Since 2006 the pure blue skies of Rajasthan are changing to a grey ones, seems industralization of northen states are dirtiying quickly the lovely air. Think last rains are in September, so in February already takes 5months with no rain...
Preserve Rajasthan sleeping in old Guest cheap houses, instead in new hotels.
Many people start to goes to Rishikesh to embrace the yoga courses.
What happens when the heat is extreme in Rajasthan:
SUMMER:
Travellers are smart, use to scape from heat or cold extremes. So in Summer they head up to north Himalayas enjoying the freshnesh.
There is no ruins or big monuments to be seen here, just nature.
The most travelers populated place right now is McLeod Ganj, where Dalai Lama "seems" to live with the Tibetan comunity (seems because most of the year he is travelling in the US, Swizerland or other "poor" countries needing for his help). Still thousands of foreign people comes every year from their psicollogist home consult into the one month enlightment visit to Dalai Lama.
There is a big market on that, still not fully exploited.
Suroundings of Mc Leod are so beautiful and small villages are refuge of younger cheaper travellers.
When Pak-India semiwar started, Cachemira was banned to post hippy travellers, so they changed quickly into another place: Old Manali.
A favority with Kathmandu to smoke, Manali surondings are greeny forested, and a good place to relax.

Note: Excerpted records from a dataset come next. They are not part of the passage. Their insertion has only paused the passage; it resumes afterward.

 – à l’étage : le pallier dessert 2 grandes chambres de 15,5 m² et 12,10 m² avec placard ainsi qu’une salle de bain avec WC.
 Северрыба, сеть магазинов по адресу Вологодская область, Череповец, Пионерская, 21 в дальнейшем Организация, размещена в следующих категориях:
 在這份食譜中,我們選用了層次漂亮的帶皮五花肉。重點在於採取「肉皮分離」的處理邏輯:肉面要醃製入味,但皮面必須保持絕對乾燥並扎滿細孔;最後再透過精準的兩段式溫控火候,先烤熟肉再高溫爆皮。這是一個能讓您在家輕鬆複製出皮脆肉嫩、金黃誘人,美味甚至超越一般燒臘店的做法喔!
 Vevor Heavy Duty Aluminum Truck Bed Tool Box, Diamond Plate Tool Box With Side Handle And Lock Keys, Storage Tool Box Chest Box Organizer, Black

Hordes of Israelies converted the last decade Old Manali into a Thailand style village (full of internets, hippy clothes shops, laundaries, israeli food small restaurants, not so cheap rooms, hebrew advices boards everywhere sustituting the old english ones). It is an easy place full of young people, but incredibly boring one if you are not a smoker or israli, or both.

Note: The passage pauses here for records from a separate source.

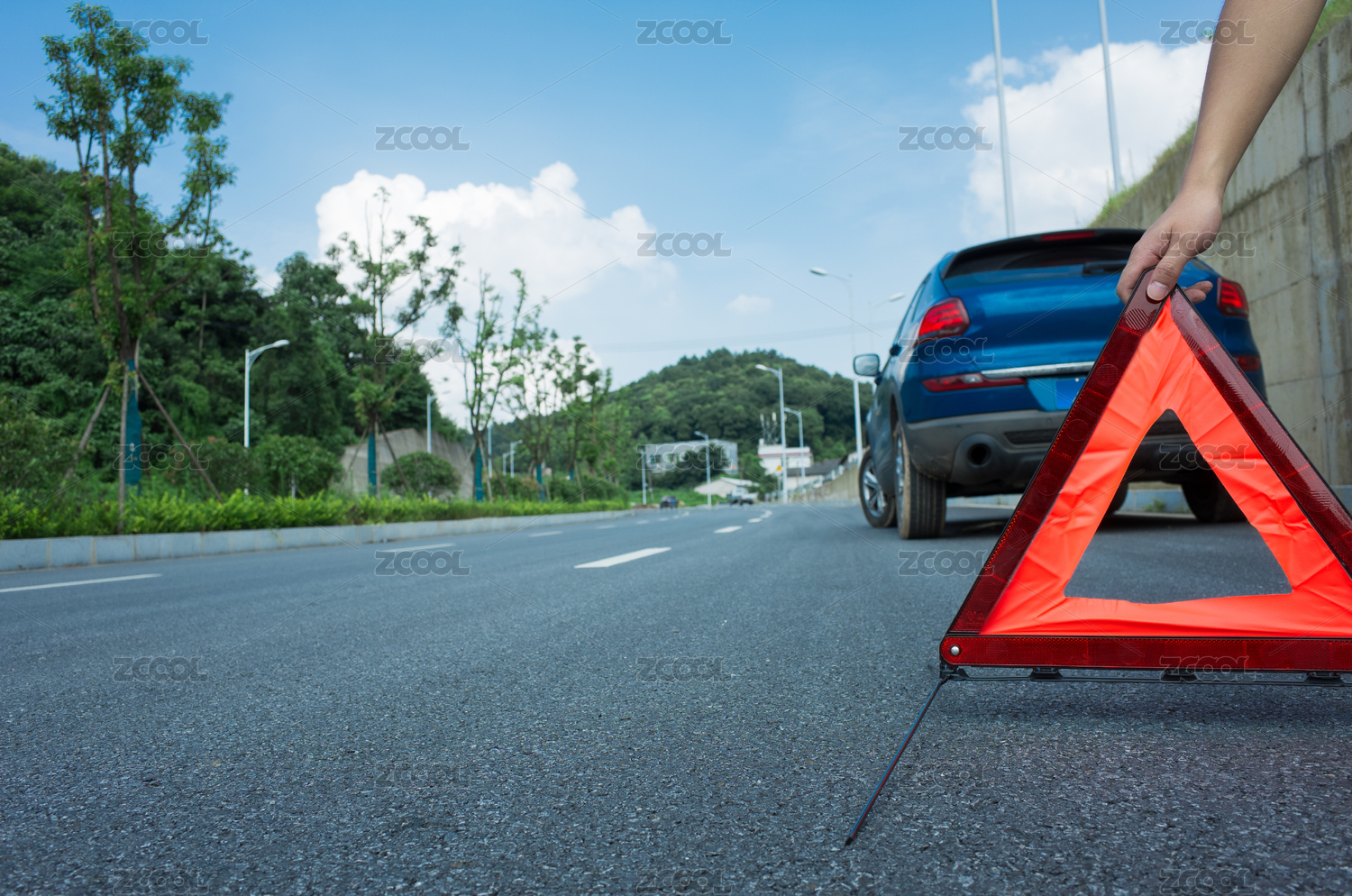 遠處的路邊停著一輛壞掉的汽車,車后面一個人正在放置三角警告牌
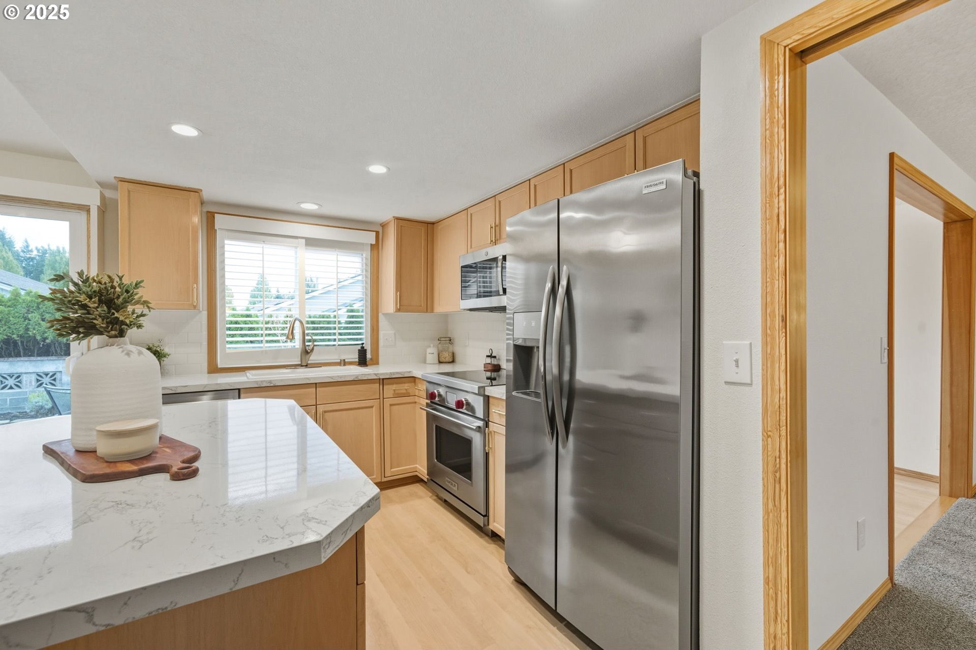 Welcome to effortless living in this beautifully updated home set within the premier 55+ Fairway Village golf course community . Every detail has been thoughtfully upgraded for both comfort and style. Step inside to discover an inviting, light-filled layout featuring an elegant kitchen remodeled in 2021 with sleek stone countertops, a Bosch dishwasher, and a top-of-the-line Wolfe induction range—perfect for everyday meals or entertaining friends after a round of golf.The home’s open design flows seamlessly into the living and dining areas, highlighted by plantation shutters, modern finishes, and Milgard insulated windows installed in 2021 for year-round efficiency. Both bathrooms were completely remodeled in 2021, offering fresh, spa-like spaces.Enjoy peace of mind with newer systems and thoughtful updates throughout, including a 2022 furnace and A/C, a new high-end entry and storm door, and a recently landscaped backyard with a beautiful patio for relaxing evenings outdoors. From the freshly painted interior and exterior with a newer roof, to the newer water heater and garage door, this home blends classic comfort with worry-free modern living—all in a sought-after golf course setting designed for easy, active lifestyles.
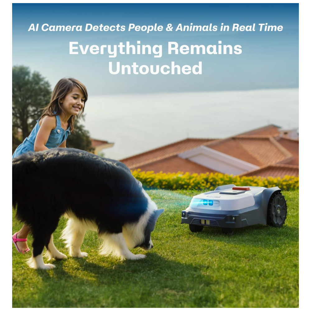 A detecção de obstáculos em tempo real utiliza câmeras de IA para identificar objetos, pessoas e animais, ajustando trajetórias automaticamente. Inclui sensores de elevação e inclinação que param o equipamento imediatamente. A lâmina de corte de 20 cm garante precisão com mulching, promovendo distribuição uniforme de aparas.
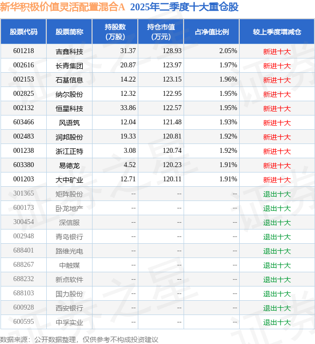 新华积极价值灵活配置混合A的前十大重仓股如下:
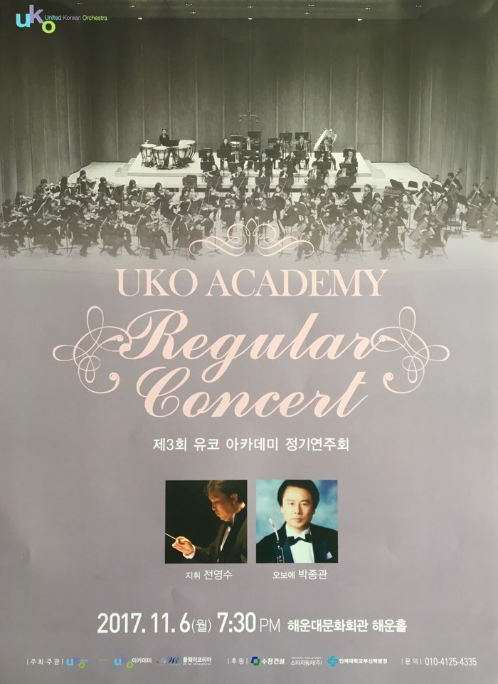 (에듀온라이프뉴스) 반현우,편집부=오는 11월 6일(월요일)에 유코 아카데미 오케스트라의 제3회 정기연주회가 열린다. 클래식과 팝, 영화음악등 가을 밤의 정취를 느끼며 부담없이 즐길 수 있는 프로그램으로 이…
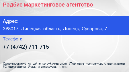 Рэдбис, маркетинговое агентство по адресу 398017, Липецкая область, Липецк, Суворова, 7 в дальнейшем Организация, размещена в следующих категориях:
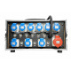 Rack distribuitor de energie CEE, dimensiune: 6U, 1 x 5PIN 32A intrare CEE, 11 x ieșire Powercon, 11 x ieșire CEE 16A, voltmetre trifazate.

So world travelers moved to a village close to Manali (ask for the place ;)
Still Manali fresh can be very rainy in Jun Jul and Aug.
With Cachemir banned, the only way is to the though Laddakh. So Leh, a small 3700m high town has been converted into a new travellers (and trek tourist money groups) head quarters. Newly rooms and restaurants has been created to hold the growing up hordes of travellers comming the last decade.
Still charming, but with the prices growing up, it is a non easy place: very dry with very old culture people shocked by the arrival of the summer comers and their easy money, the 3700m makes no easy place to stay for non highlanders spirits. Dry dangerous montains can be explored in many weekly treks, some start to be easy others are the most dangerous and thoughtest in the world. So don´t trust in a small line in a map, or Lp old trekking books (can be fatal), but only in other travellers knoledge and experience. Some treks as Markha valley are visited by many groups, and one can get food in some places, but not all days (so food need to be carried).
At the other extreme a trek from Leh to Padum, market into old Lp trekking book, can be the most dangerous trail, all food must be carried with profesional local guide (in advice no Ladakhi use this route any more since the road was open into another valley to link Padum and Leh, so someone telling you is used to go this route is lying, only extreme trekkers group may have asked to do it and surely the guide with them was visiting the area also for his first time)
Nepal is the other place to stay, even when in summer recive rains, still a nice place to stay in the valleys. Do high trek in summer is not recommended (all is cloudy with no views of the peaks, rain and rain, leaches,...) It is better to wait until the end of the summer moonson.
Then in Sep-Oct travelers start to move again to the Indian plains, planning their way back to the lovely Goa beaches with their unice dangerous waters, the lovely coconut trees, and the superb blue sky.